Lead with a skills and certifications block above education, then add a "Labs & Projects" section showing hands-on work — TryHackMe/HackTheBox rooms, CTFs, a home lab, or a SIEM/detection project. Frame each with a tool used and a measurable outcome (e.g., "triaged 50+ simulated SIEM alerts") so a recruiter sees applied skill, not just coursework.
Can I get a cybersecurity job with no degree?
Yes — in this field certifications and demonstrated hands-on skill often outweigh a degree.

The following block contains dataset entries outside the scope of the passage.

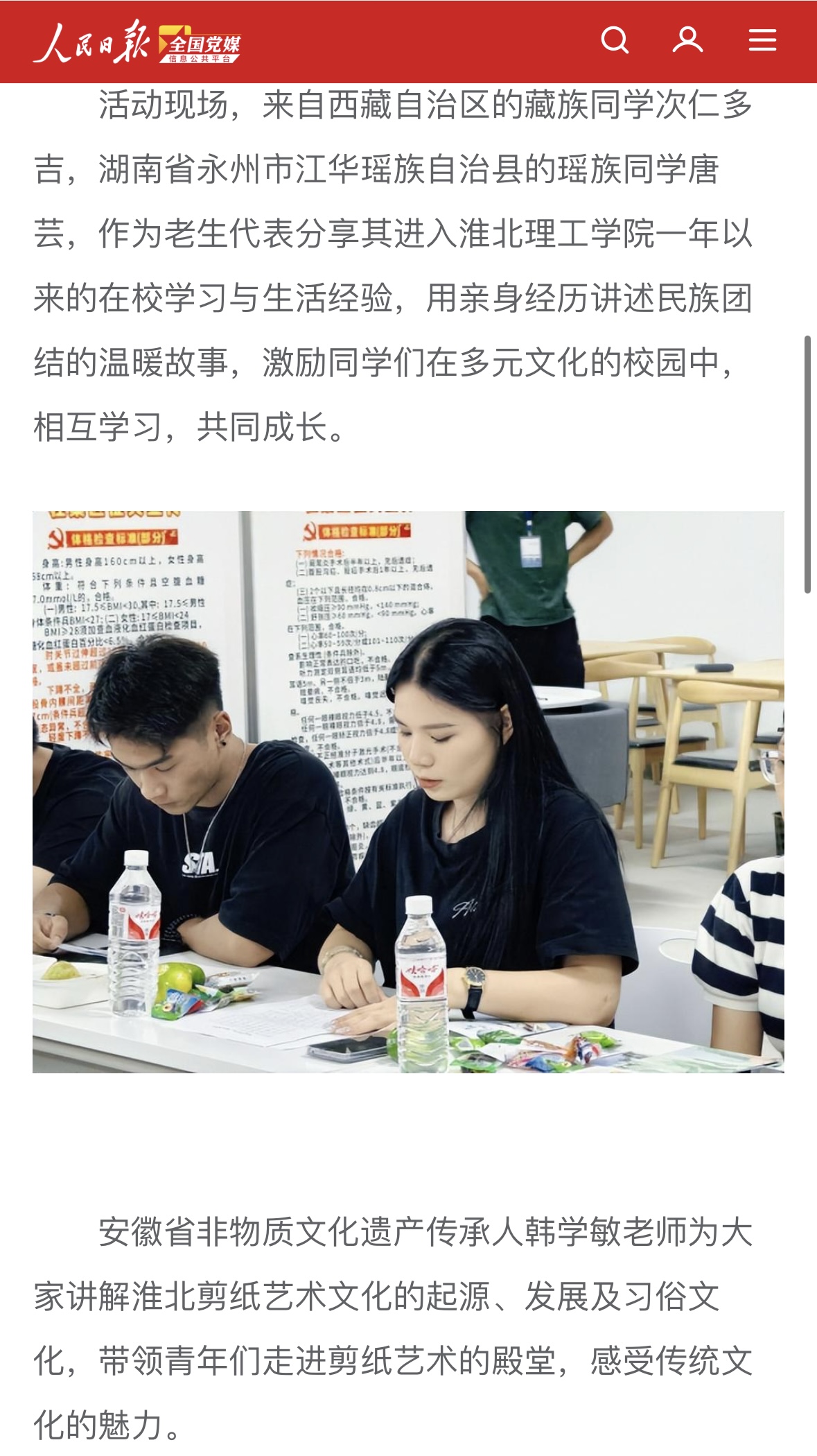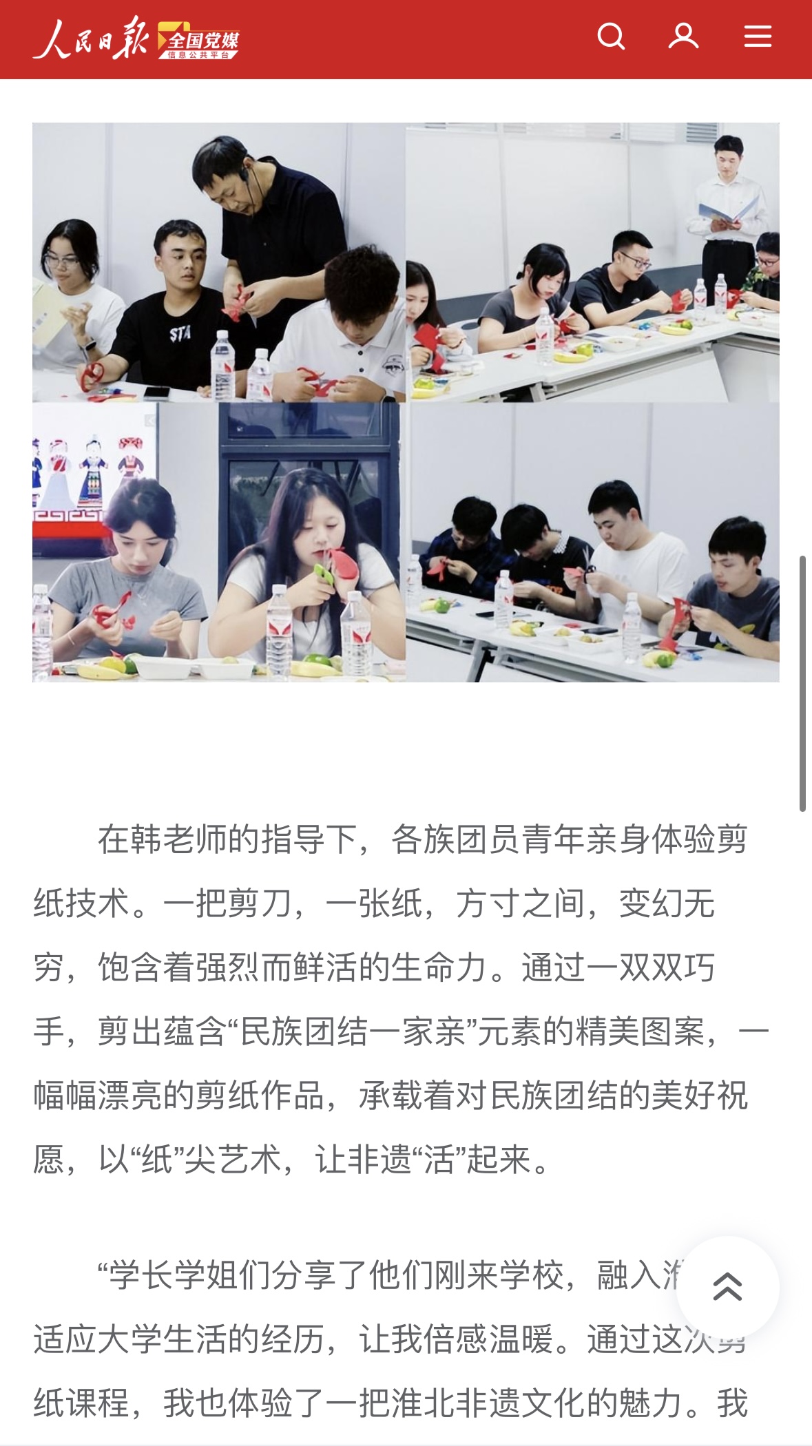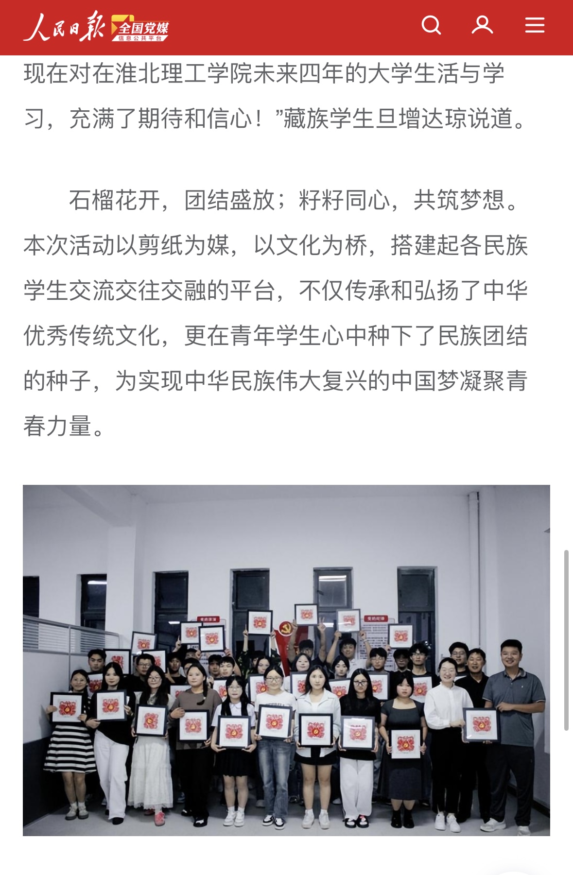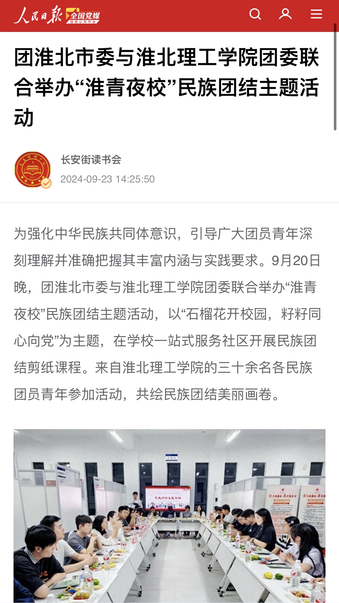 为强化中华民族共同体意识,引导广大团员青年深刻理解并准确把握其丰富内涵与实践要求。9月20日晚,团淮北市委与伟德国际victor1946官网团委联合举办“淮青夜校”民族团结主题活动,以“石榴花开校园,籽籽同心向党”为主题,在学校一站式服务社区开展民族团结剪纸课程。来自伟德国际victor1946官网的三十余名各民族团员青年参加活动,共绘民族团结美丽画卷。对此,人民日报全国党媒信息公共平台进行报道: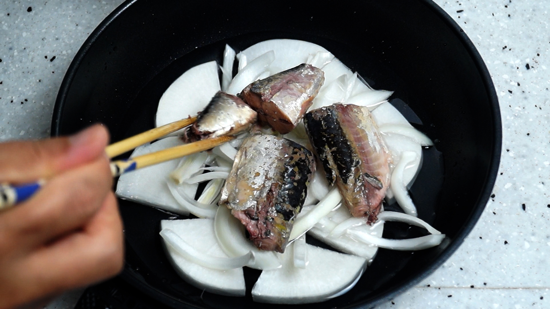 9. 건더기만 건져 무우위에 올려주세요. 통조림 고등어는 참치처럼 그냥 바로 드셔도 아무 문제가 없어요~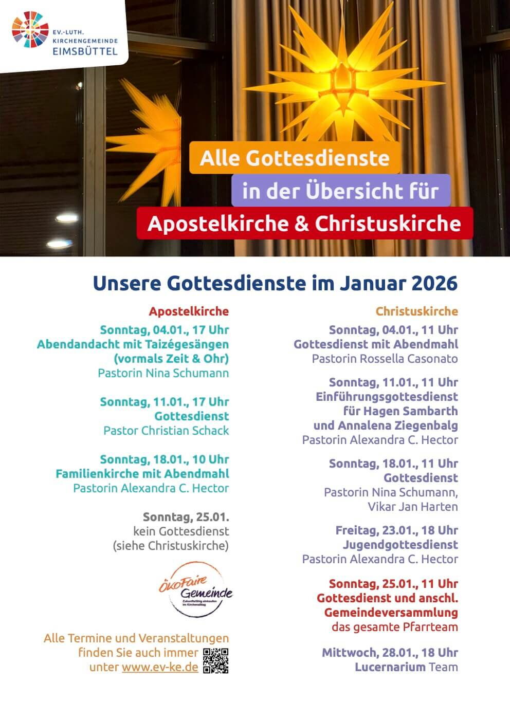 Wir freuen uns, wenn Ihr und Sie mit uns feiern und heißen Euch und Sie herzlich willkommen, auch zu unseren Andachten und zu unserem Friedensgebet in der Apostelkirche.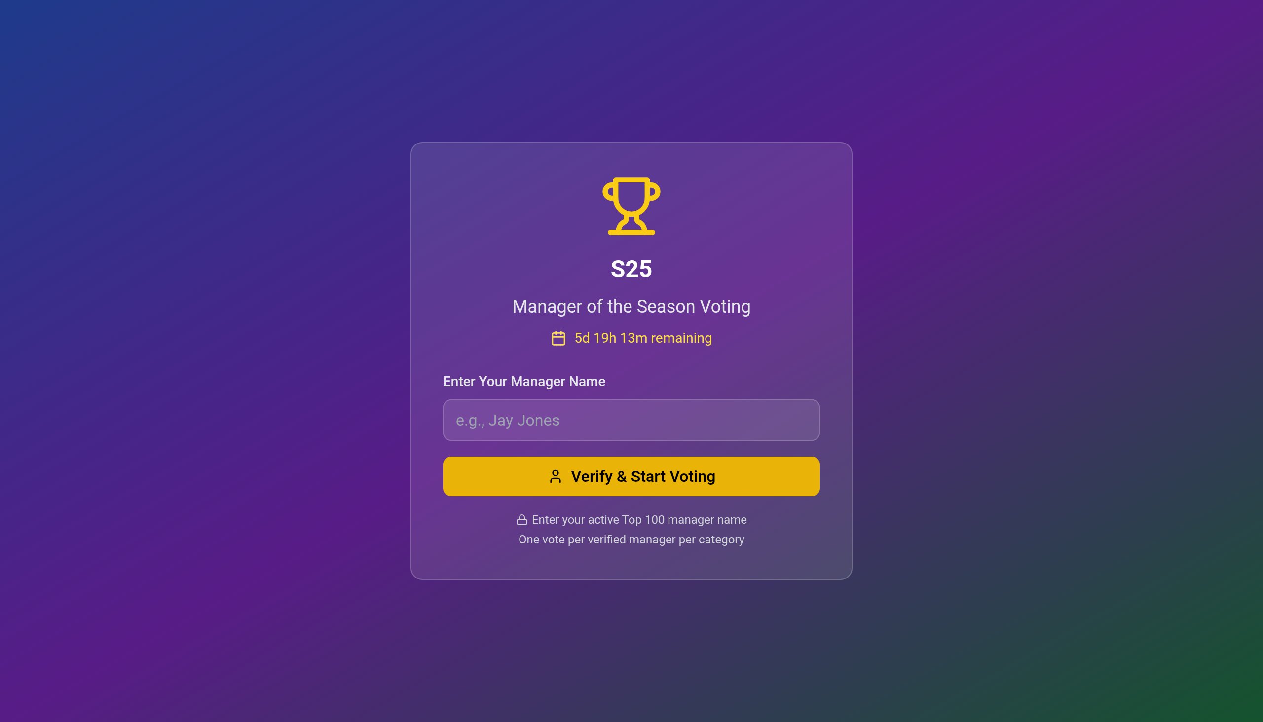 You should then be able to vote in the SEVEN different categories for overall manager of the season, MotS for each division, and finally a special Cup Excellence category for success in our cup competitions.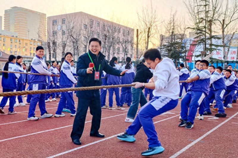 活动以拔河比赛开场,校长董亚一声令下,参赛同学紧握长绳,齐心协力,标志带在中心线两侧来回摆动,整齐的口号声回荡在操场。钟红军书记、梁英波副校长也来到现场,为同学们加油助威,场外拉拉队的呐喊声将团结奋进的氛围推向顶点。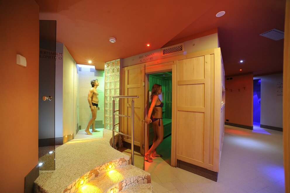 Percorso wellness (Grotta salina in dolomia, Bagno Silvestre a vapore, Thermarium Dolomitico, Paradiso dell’ Acqua, Biosauna Alpestre, Stube relax) € 16,00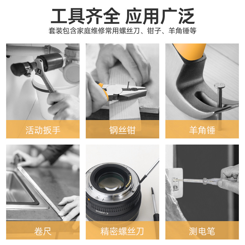 cross-border hot selling multifunctional household hardware gift set tools pliers wrench hammer family maintenance toolbox 中文版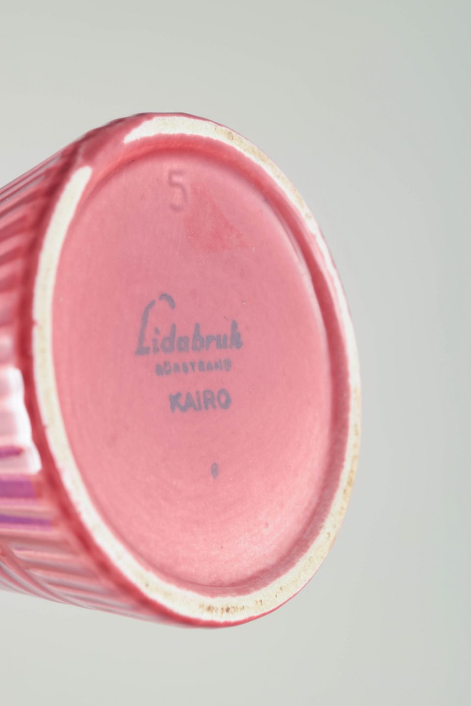 Lidabruk var en del af Rörstrand-koncernen og producerede i 1950’erne-70’erne en række dekorative serier med moderne formsprog og farvestrålende glasurer. Serien Kairo er et karakteristisk eksempel på periodens fascination af geometriske mønstre og arkitektoniske former.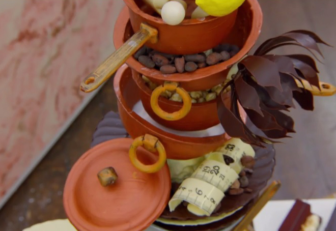 Having secured a place in the finals via a wild card, Mark and his team had a lot to prove winning over the judges with their final showstopper, a banquet piece needing to feed at least 100 whilst reflecting them as a team. Encapsulating the brief, the chocolate showstopper incorporated various kitchen utensils and dishes such as pots and pans, chopping boards, spatulas, etc. whilst also showcasing a variety of tasty desserts including rhubarb and custard tarts, gin and lemongrass panna cottas and coconut and rum dacquoise opera slices.
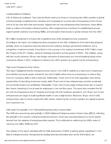 The UAE also secured top spot globally in GEM’s National Entrepreneurship Context Index (NECI), reflecting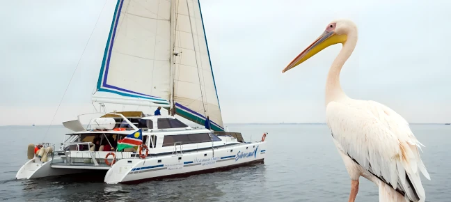 Set sail on a breathtaking boat cruise along Namibia’s stunning coastline with Chena Tours & Safaris. Departing from Walvis Bay, this adventure offers a chance to spot playful dolphins, seals, and pelicans while enjoying the refreshing ocean breeze. Glide past the iconic Pelican Point Lighthouse and witness the vibrant marine life up close. Savor fresh oysters, snacks, and sparkling wine as you soak in the beauty of the Atlantic.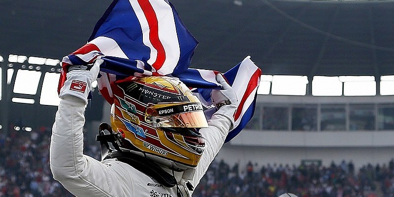 O inglês da Mercedes se chocou com o alemão Vettel na primeira volta, chegou em nona colocação e garantiu o quarto título mundial.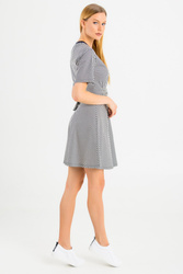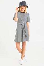 Sukienka w granatowo - białe paski. Dekolt typu o-neck. Rękawy krótkie. Dół lekko rozkloszowany. W pasie wiązana paskiem z tego samego materiału, przeplatanym przez srebrne ringi. Sukienka dziewczęca i wygodna. Wykonana z doskonałej jakości bawełny. Długość mini.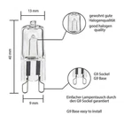 Description Description&Preview shipping&policy Description: Product Description: 1. Product name: halogen lamp beads G9 220V 2. Lamp holder model: G9. 3. Wattage: 40w 4. Product color: transparent 5. The outer diameter of the glass bulb: 13 (mm) 6. The voltage is 110-130, 220-240V 7. Power: 20-75W 8. Life: 1500-2000H Preview: Thank you for your purchase Problems? You can follow below process to chontact us. There is a time zone difference,but we will do our best to quickly response to your questions: Shipping ● We will arrange shipping for you within 24 Hours after payment cleared except the holidays. ● We always send the item to the address you give us on PAYPAL to ensure the security of the item. If you have changed your address, or want us to ship to another address, please change to the new address when you pay us with PAYPAL, otherwise we will not be responsible if the package is lost. Payments We accepts Paypal only If you have any questions about the payment,please contact us through eBay message. Import Duties In case some duty is due Upon delivery, it is your responsibility to meet that expense and this may cause delays to delivery schedule and you may have to pickup goods at the customs office. Terms & Conditions By bidding on this item,the Buyer agrees to all of the terms and conditions as outlined in this listing .please ensure to read and agree to All eBay terms and Conditions before bidding. All pictures are for illustration purpose only and Colours may vary slightly. Our store obeys all eBay Rules and Policies. Returns Policy To Return an item you must contact us and take photos of your item to clearly show any damage or unusual aspects of it. Approved returns will be subject to inspection on arrival. Items must be returned in original condition with all original packaging. All shipping and handing charges are non-refundable Return delivery costs are the responsibility of the buyer. We will cover the cost if sending replacement/repaired items. Within 7 days after receiving your products, we offers a no-hassle 7 day exchange/replace only if your items are found to be defective by manufacturer.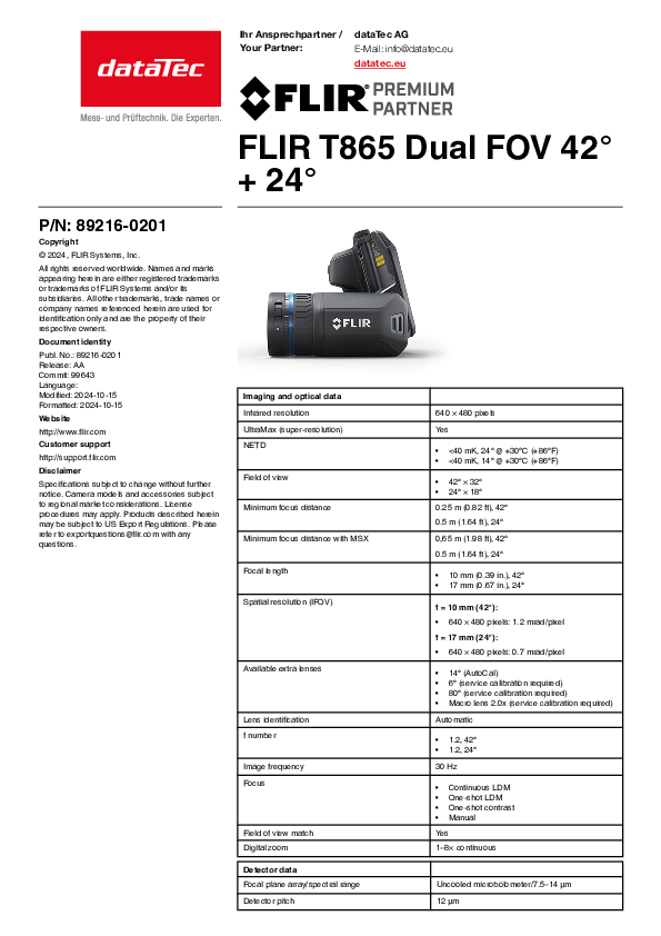 The thermal imaging camera T865 offers a temperature measurement accuracy of up to ±1°C / ±1%. The T800 Series cameras are compatible with FLIR AutoCal interchangeable lenses.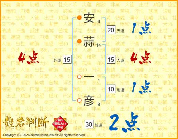 安(6画)蒜(14画) 一(1画)彦(9画)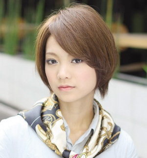 服帖柔顺的发型显得爽朗清新,斜刘海修剪出层次更显脸型。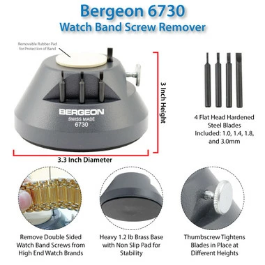 The Bergeon 6730 will hold watch bands while making Watch band adjustment and watch screw removal. This product is specifically designed and will make it many times easier to remove 2-sided watch band screws where both sides need to be held at the same time. It features a replaceable hardened flat steel screw working blade with adjustable height 4 sizes), removable rubber band protector on top, and a very stable surface to remove even the toughest watch band screws.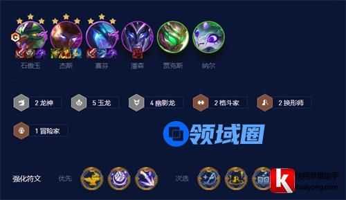 阵容组成:石傲玉,杰斯,赛芬,潘森,贾克斯,纳尔。组成2龙山5玉龙4幽影的羁绊。其中主c是石傲玉,赛芬。主坦是杰斯。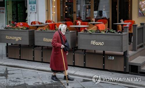 epa09960648 An elderly woman walks past an empty restaurant in Moscow, Russia, 20 May 2022. EPA/YURI KOCHETKOV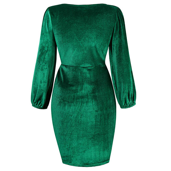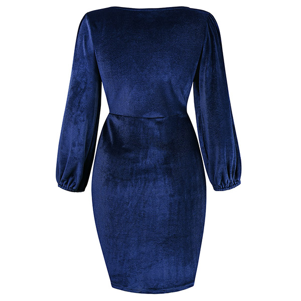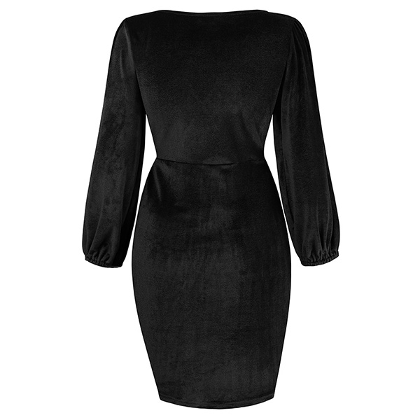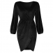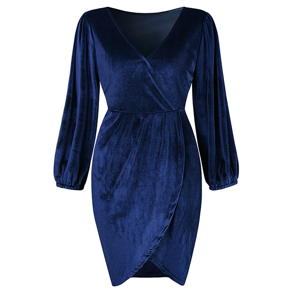 Sexy V-neck Long Sleeve Irregular Hem Solid Color Dress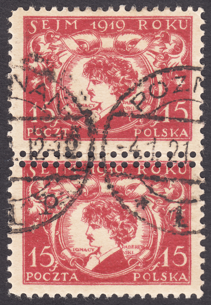 1919 Sejm Ustawodawczy - I.Paderewski, pionowa parka kasowanych znaczków za 15 fen. z podwójną perforacją poziomą pomiędzy znaczkami, w tej formie niakatalogonawe, inna wartość z podwójną perforacją poziomą (Fi.90.-), gwarancja Walocha. | Fi.108 MK Mi.124 |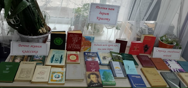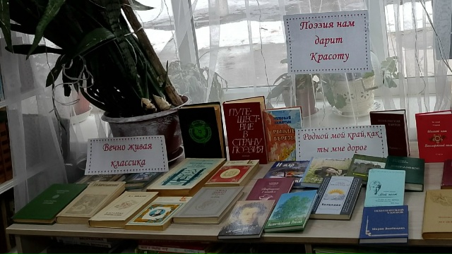 В Новоникольском филиале к этому дню оформлена книжная выставка “Поэзия нам дарит красоту”, которая позволит вновь прикоснуться к чарующим силам поэтического дара поэтов всех времён: С.Есенина, А.Ахматовой, Ф.Тютчева, Н.Рубцова и других.

Put Security+ (the recognized entry baseline) front and center, list a home lab and projects, and use a clean ATS template so the skills and cert keywords parse correctly.
Which certifications should I put on a cybersecurity resume?
List the full certification name and the year earned, ordered by relevance to the role: Security+ or CySA+ for entry-level/SOC, OSCP/CEH for pentest, CISSP/CISM for senior and leadership, CCSP for cloud, and CISA or ISO 27001 Lead Auditor for GRC. Include "in progress" certs too — recruiters credit them.
SOC analyst vs. security engineer vs. penetration tester — which template do I use?
A SOC analyst resume centers on monitoring, SIEM/EDR triage, and incident response; a security engineer resume centers on building and hardening systems, automation, and architecture; a pentester resume centers on offensive tooling (Burp Suite, Metasploit, Nmap), findings, and OSCP/CEH. Pick the layout that matches the role and mirror that job posting's language.
How do I put a home lab or TryHackMe on my cybersecurity resume?
Create a dedicated "Labs & Projects" section and give each entry a title, the tools used, and what you accomplished — e.g., "Built a home SOC lab (Splunk, Sysmon, pfSense) and wrote detections mapped to MITRE ATT&CK." This is the strongest substitute for work experience when you're breaking in.
Are these cybersecurity resume templates ATS-friendly?
Yes — every template uses standard headings and a clean, single-page layout that applicant tracking systems parse cleanly, and downloads in Word (.docx) and Google Docs. Mirror the job posting's keywords (SIEM, incident response, vulnerability management, Security+) in your skills section to score higher.